## Assignment
What are the lines below, starting at the line containing "お湯を使わなくても、ドライヤーや布団乾燥機の温風でふっくら復元。" and ending at the line containing "Det er en sokkelleilighet, men"? Write them out exactly, ends included, without pictures.

═══ Data provided ═══

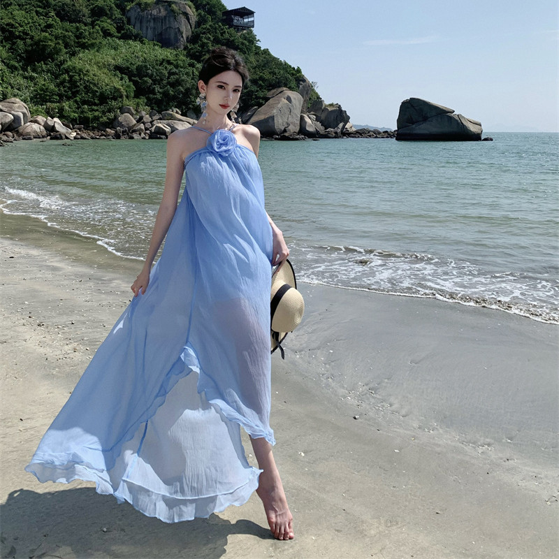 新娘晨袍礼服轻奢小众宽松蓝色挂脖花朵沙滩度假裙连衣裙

═══
═══ Data provided ═══

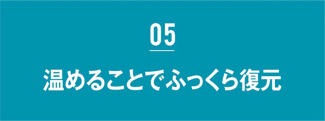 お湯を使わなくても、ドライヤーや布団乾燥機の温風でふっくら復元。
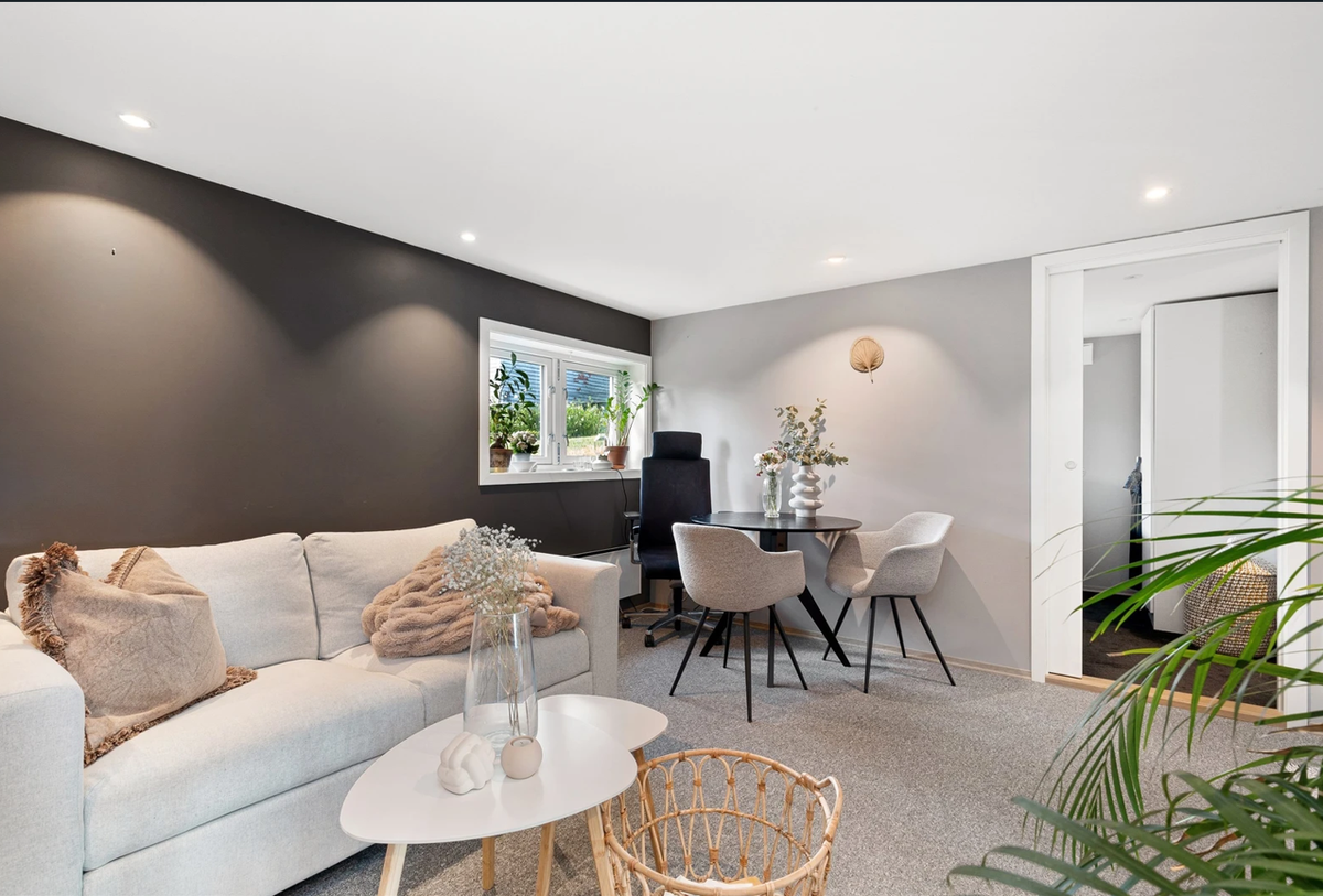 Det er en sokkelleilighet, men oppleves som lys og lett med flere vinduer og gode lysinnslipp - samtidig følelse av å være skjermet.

═══

## Response
 お湯を使わなくても、ドライヤーや布団乾燥機の温風でふっくら復元。
 Det er en sokkelleilighet, men oppleves som lys og lett med flere vinduer og gode lysinnslipp - samtidig følelse av å være skjermet.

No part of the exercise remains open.